In short, dubious quality improvements are grossly overestimated, effectively erasing many price increases. A great example of this is regulation.
When the government regulated clothes washers and drastically reduced the amount of water they could use, manufacturers had to make radical changes to the machines’ designs, and by almost all counts, the products became worse.
Yes, they used less water. But they also created much more friction during washing and wore out clothes faster. Clothes also tangled more, reducing how well they got cleaned. Standard detergents didn’t work properly with so little water, so new ones had to be used, but these were good food sources for molds and mildews. Consequently, clothes begin smelling if left in the washer for just an hour or two.
The washing machines themselves build up a residue from modern detergents which harbors bacteria, requiring the cleaning machine to itself need cleaning. This is why clothes washers today have their own cleaning cycle which requires a special detergent. To top it off, consumers report frequently needing to wash clothes multiple times in order to really get clothes clean. That reduces the water savings of today’s more “efficient” models, but it also can result in a net negative savings on electricity.
You find the exact same complaint on dishwashers. Many people have to prewash everything by hand because a lot of modern dishwashers just don’t work well. It’s not really the manufacturer’s fault — it’s illegal for them to build a model that uses enough water to clean your dishes.
So, here’s the crazy thing: the same regulations that make modern appliances useless and more expensive, are also cited as an improvement in quality for hedonic adjustments.
Yeah, you read that right — if regulation makes something more expensive, then government-paid statisticians assume the quality improved.
It’s difficult to overstate how insane this is. Government mandates simultaneously made your appliances worse and more expensive, but the hedonic adjustments zeroed that out.
That’s true for literally any additional costs imposed by regulation. If the government forces a manufacturer or service provider to do something, the government-paid statisticians grab their erasers and wipe that cost increase off the books.
An economist who teaches at the University of Chicago recently estimated that excessive regulation under the current administration in Washington was adding $5,000 per household, per year, in additional costs — all of which is excluded from the CPI.
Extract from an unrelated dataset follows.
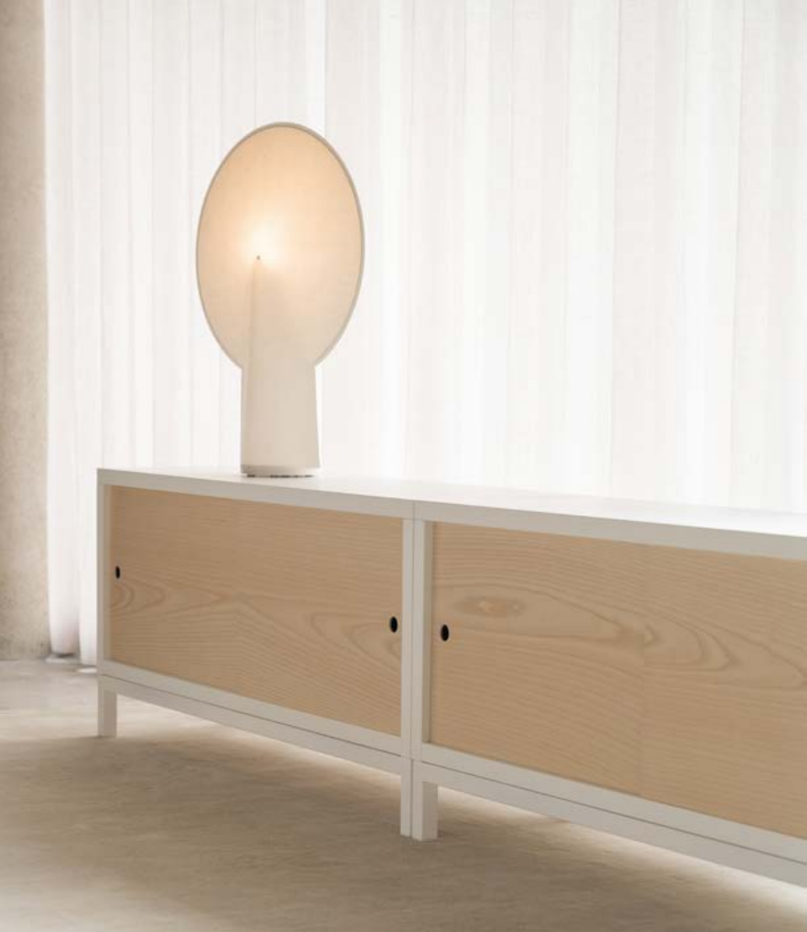
Sapporo reversible doors, with this side in ash, and the reverse with white stain finish. Puertas reversibles Sapporo, con este lado en fresno y el reverso en acabado teñido blanco.

We’re not trying to get political here; this is just an illustration of how “official” inflation metrics are total garbage. The median household is currently losing about 7% of its annual income to additional regulatory costs, and they’re trying to tell us inflation is only 3%.
We’re calling bull$#*! on that.
Great explanation. I find it funny that we're adjusting for increased "quality" when, experientially, it seems like the quality of many, many items is only going down (example: it's hard to find real wood furniture these days, even at "high end" stores). The washing machine was a great example. Do you think regulation is the main reason for all of these quality decreases we're seeing, or what other factors do you think are at play? (I definitely agree regulation is a huge one, just curious as to what other factors might be involved.)
I don't know why we let "official" stats cloud our eyes from seeing what's really going on right in front of us.